Learning the greatest common divisor: explaining transformer predictions

Published 29 Aug 2023 in cs.LG and cs.AI | (2308.15594v2)

Abstract: The predictions of small transformers, trained to calculate the greatest common divisor (GCD) of two positive integers, can be fully characterized by looking at model inputs and outputs. As training proceeds, the model learns a list $\mathcal D$ of integers, products of divisors of the base used to represent integers and small primes, and predicts the largest element of $\mathcal D$ that divides both inputs. Training distributions impact performance. Models trained from uniform operands only learn a handful of GCD (up to $38$ GCD $\leq100$). Log-uniform operands boost performance to $73$ GCD $\leq 100$, and a log-uniform distribution of outcomes (i.e. GCD) to $91$. However, training from uniform (balanced) GCD breaks explainability.

Abstract PDF Upgrade to Chat

Authors (1)

François Charton

Citations (16)

View on Semantic Scholar

Summary

The paper demonstrates that small transformers learn the GCD task with deterministic predictions, enabling clear categorization of operand pairs based on shared divisibility.
The paper shows that training data distribution and encoding base choice critically influence the diversity and accuracy of the predicted GCD values.
The paper observes a grokking phenomenon in large composite bases, revealing that extended training can uncover more intricate arithmetic relationships.

An Analysis of Transformer Predictions for the Greatest Common Divisor Task

The paper investigates the capability of small transformers in performing the arithmetic task of calculating the greatest common divisor (GCD) of two positive integers. The study reveals significant insights into how transformers learn and predicts this function, emphasizing the role of the input distribution and representation base on model performance and explainability.

Key Findings

Deterministic Predictions of GCDs: The study found that transformers categorize input pairs with the same GCD and produce a consistent prediction for each class.
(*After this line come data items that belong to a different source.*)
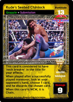 This card is considered to have 'neck breaker' in the title for your effects. When played after a successfully played maneuver, look at your opponent's hand, choose one card, and he discards the chosen card. When this card is WCW, it is also Chain.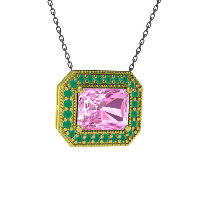 Pembe kuvars ve kök zümrüt 14 ayar altın kolye (40 cm gümüş rolo zincir)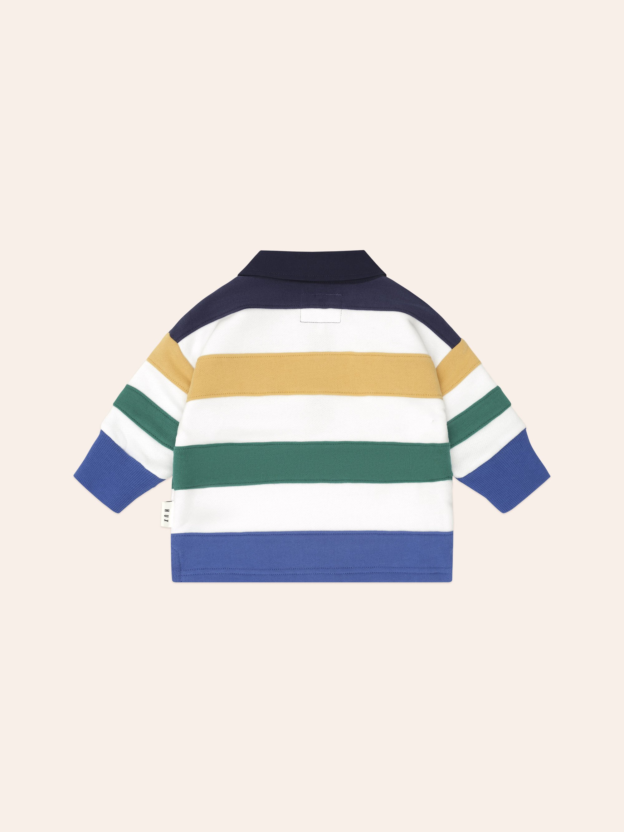 This classic Huxbaby Colour Block Panelled Rugby fleece jersey features a sporty collar and three buttons at the neck. Made from cloud-like organic cotton, it features colour blocked panels and a peekaboo varsity Huxbear detail.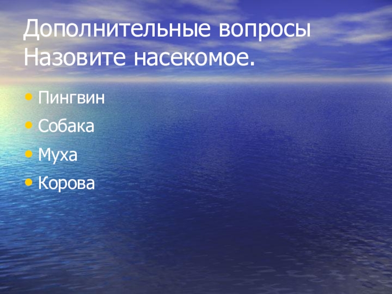 Дополнительные вопросы Назовите насекомое.ПингвинСобакаМухаКорова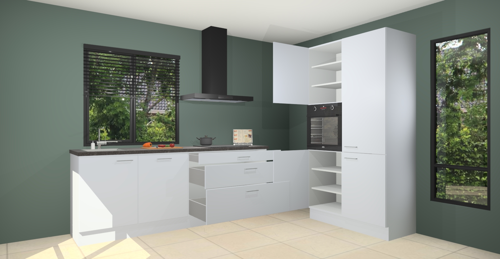 De setting is compleet gemaakt door de vijf inbouwapparaten: wanneer u gaat bestellen kunt u upgraden naar AEG-apparaten als oven, inductieplaat, afzuigkap, vaatwasser en koelkast. Kiest u voor onze Sneeuwwitte keuken Monaco, dan weet u zeker dat u te maken heeft met Duitse kwaliteit. Bovendien is er altijd sprake van een lage prijs en profiteren we aantrekkelijk leveringstermijn: die bedraagt slechts 7 weken ! Om het extra makkelijk te maken worden de keukenkasten reeds voorgemonteerd geleverd.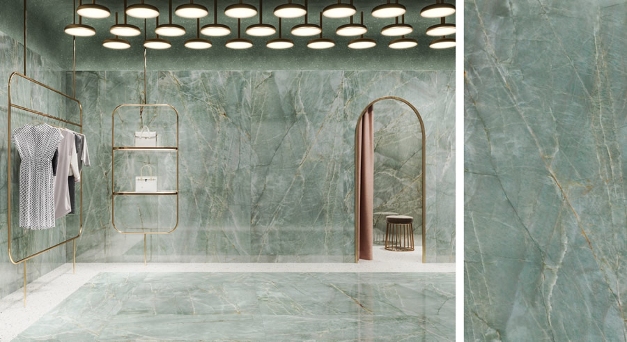 Termo exclusivo da construção civil brasileira, o pé-direito na sua versão mais comprida tem o poder de impactar diretamente no conforto térmico e acústico do ambiente, já que o calor e o som se dissipam mais facilmente para o teto. Na imagem, o Superformato da série Alpi, inspirado no exótico mármore verde encontrado na Itália, é encontrado no formato de 120 x 250 cm e nos acabamentos mate e Micro Crystal | Foto: Divulgação Roca Cerámica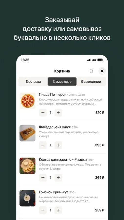 — Быстрый заказ с мгновенным подтверждением через приложение.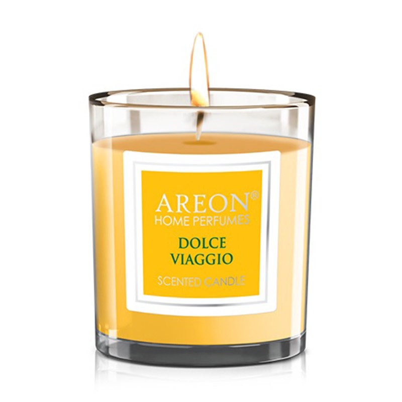 Ароматна свещ Сладко пътуване CR04_G01 AREON за по-приятна и уютна атмосфера у дома.Ориентировъчното време за ползване е 25 часа.Чудесна идея за подарък за скъп човек.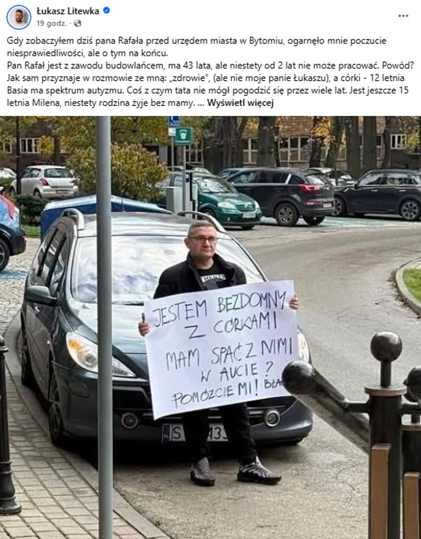 Pan Rafał jest budowlańcem. Samotnie wychowuje 15-latkę i 12-latkę, która jest w spektrum autyzmu. Mężczyzna rozwiódł się z żoną, jak ustalił “Fakt”, zasądzone ma 600 zł alimentów na dzieci, jednak była małżonka nie płaci regularnie świadczeń. W miniony wtorek (28 października) pan Rafał stanął przed Urzędem Miejskim w Bytomiu, trzymał plakat z napisem: “Jestem bezdomny z córkami. Mam spać z nimi w aucie? Pomóżcie mi! Błagam”. Sprawą zajęła się fundacja posła Łukasza Litewki, która zdeklarowała pomoc samotnemu ojcu i uruchomiła celową zbiórkę na zakup mieszkania.

This determinism persists throughout the learning process as long as the GCDs involved are products of small primes or divisors of the encoding base, resulting in a highly explainable model behavior.
Role of Input and Output Distributions: The model's ability to learn GCD reliably is significantly influenced by the distribution of training data. Training with uniformly sampled operand pairs restricted the model's learning to a limited number of GCD values (only up to 38 for GCDs under 100). However, when operands are sampled from a log-uniform distribution or when outcomes follow a log-uniform distribution, the transformers can learn up to 91 different GCD values under 100. Uniform distributions of outcomes disrupted the explainability, suggesting that input-output distributions must be carefully configured to maintain both performance and transparency in predictions.
Grokking Phenomenon with Large Bases: In encoding bases that are large composites, a phenomenon akin to "grokking" was observed, where the learning of new non-divisors of the base occurred after prolonged training. This shows the potential of transformers to eventually grasp more intricate arithmetic relationships beyond initial learning, expanding their predictive capabilities over time.
Base Size and Composition: The choice of base for integer representation is critical. Composite number bases, especially those abundant in small prime factors, enable the model to predict more GCDs accurately. This is because such bases facilitate simpler divisibility rules that the transformers can learn and apply effectively.
Training Dynamics and Explainability: The paper elucidates a systematic approach to characterizing and explaining transformer predictions by experimenting with various training settings. This methodology could inspire similar approaches for other arithmetic tasks, emphasizing the importance of understanding model behavior through experimental manipulation rather than purely analytical means.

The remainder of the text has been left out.